В сентябре 1922 г. «Магнит», выйдя из американского порта Ном на Аляске, направился к острову Врангеля, давно оспаривавшемуся у России Англией, воспользовавшейся ослаблением русской государственной власти и попытавшейся отторгнуть его. Целью этого плавания стало восстановление российского владения островом и подъем на нем Андреевского флага. В двадцатых числах сентября, пройдя мыс Дежнева, «Магнит» около двух суток ждал перемены северных ветров, нагнавших массу льдов в Берингов пролив, через которые он не смог пробиться.
Вторую попытку преодолеть льды корабль предпринял через несколько дней, но она тоже оказалась безуспешной из-за постоянных северных ветров. Не удалось это сделать и в последующем, более того, льды начали угрожать целости корпуса «Магнита». Ввиду отсутствия надежд пробиться сквозь ледовые заторы и необходимости вернуться на охрану берегов Камчатки корабль был вынужден оставить северные воды (права России, уже советской, на остров были восстановлены в 1924 г. экспедицией на канонерской лодке «Красный Октябрь» под руководством Б.В. Давыдова).

«Магнит» в очередной раз вернулся в Петропавловск 25 октября 1922 г. Как оказалось, это плавание стало последним, совершенным в российских водах под Андреевским флагом. Корабль привез местному гарнизону 990 пудов оленины и обмундирование для воинских частей. В воскресный день 29 октября его команда провела в городском Народном доме традиционный танцевальный вечер, привлекший множество горожан. Такой же праздник намечался и на среду 1 ноября. Однако ему состояться было уже не суждено…

25 октября 1922 г. Владивосток заняла красная 5-я Дальневосточная армия. В столице Приморья установилась советская власть. Утром 1 ноября в Петропавловск на имя капитана 1-го ранга Б.П. Ильина пришла телеграмма от морского агента в Токио адмирала Б.П. Дудорова, извещавшая, что командующий Сибирской флотилией контр-адмирал Ю.К. Старк ушел из Владивостока с верными ему кораблями, войсками и беженцами в корейский порт Гензан.

Вечером генерал-майор П.М. Иванов-Мумжиев вызвал городского голову и официально сообщил ему о том, «что город Петропавловск, по причине падения города Владивостока и с ним власти правителя Дитерихса, будет местным отрядом, во главе с представителями правительства, покинут, и власть в городе передается Петропавловскому городскому самоуправлению».
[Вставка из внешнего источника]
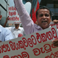 Die Flut ist auch in der Hauptstadt Colombo angekommen: Mitarbeiter einer Bank protestieren gegen die Reduzierung ihrer Rentenansprüche – und gegen die Preiserhöhungen von Lebensmitteln in Folge vernichteter Ernten. |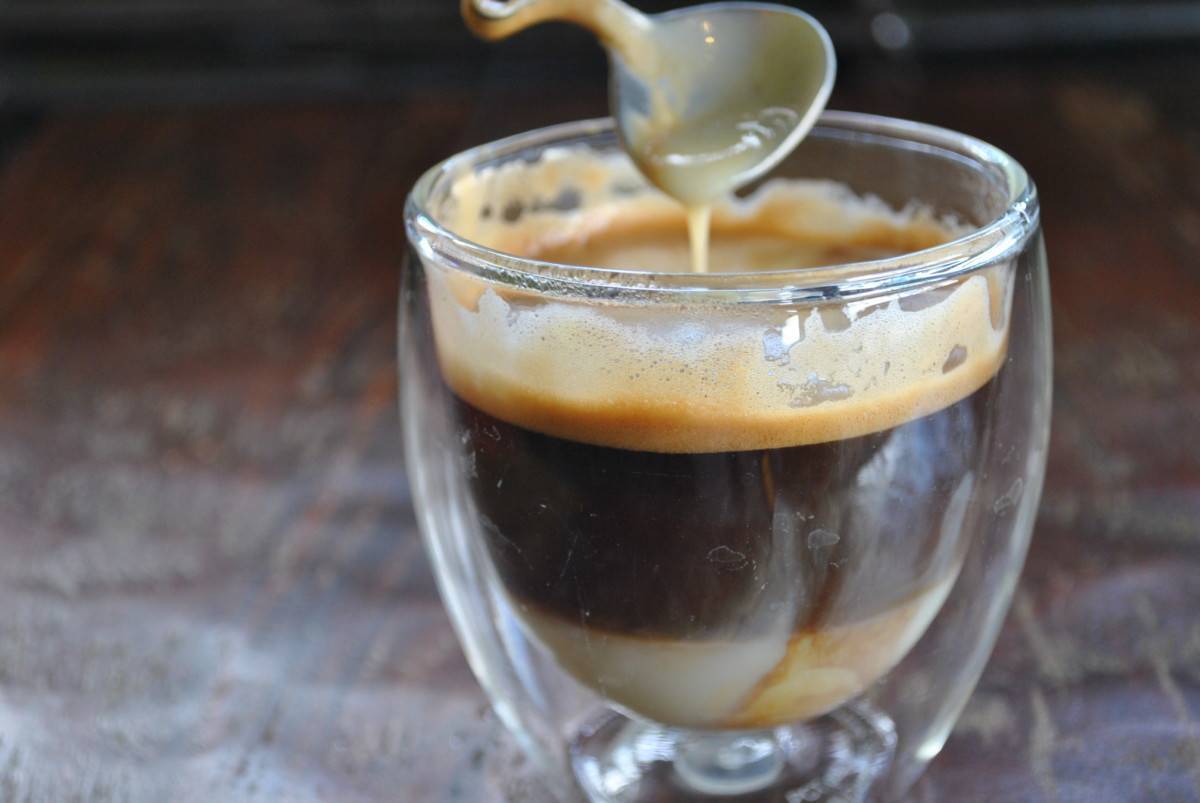 Эспрессо размешивают или даже взбивают с сиропом, а затем добавляют молоко.

На видных местах было расклеено обращение к населению города. В нем говорилось, что власть передается городской Думе Петропавловска, а покидающие город граждане и воинское командование желают остающимся стойко перенести ниспосланное свыше испытание, что уходящие духовно всегда будут с Россией и никакая сила не вырвет из их сердец любовь к своей стране и ее народу. Обращение привлекло толпы любопытных.
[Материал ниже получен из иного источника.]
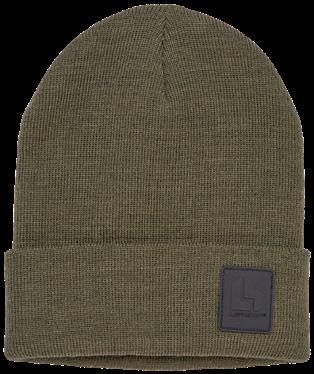 Warme en comfortabele gebreide beanie met rubberen label aan de voorkant.

Ясным утром 2 ноября 1922 г. в 7 часов 45 минут горнист стоявшего на внешнем рейде «Магнита» сыграл «большой сбор». Вахтенный начальник мичман М.И. Никифоров...
...скомандовал: «Гардемарины и команда на шканцах, во-фронт!» Через несколько минут на юте выстроились офицеры, на правых шканцах — первая вахта команды и гардемарины, на левых шканцах — вторая вахта команды.

Следующая коман­­да: «Смирно, господа офицеры!» дала знать, что командир корабля лейтенант Д.А. фон Дрейер вышел на палубу. Он обошел строй офицеров, принял рапорты от старших специалистов и старшего офицера, поздоровался с гардемаринами и командой.

Дальнейшее ярко и эмоционально излагает один из очевидцев, укрывшийся под псевдонимом «Магнитец» (эти воспоминания были опубликованы в 1940 г. в Шанхае):

«Раздается тихий, но ясный голос вахтенного начальника: «Без пяти минут восемь, господин лейтенант». Сигнальщики у кормового флага и гюйса на баке замерли в ожидании. Горнист, приложив мундштук к губам, «греет» горн, чтобы тот не «скиксовал». «На флаг и гюйс!» — раздается бодрая команда Миши (вахтенного офицера М.Н. Никифорова. — С.Г.), и все взоры обратились на корму.

«Последний подъем родного флага в водах Камчатки, в водах российских… последний, — невольная мысль у всех на уме, — мы последний корабль под славным Андреевским флагом в российских водах, на родине…»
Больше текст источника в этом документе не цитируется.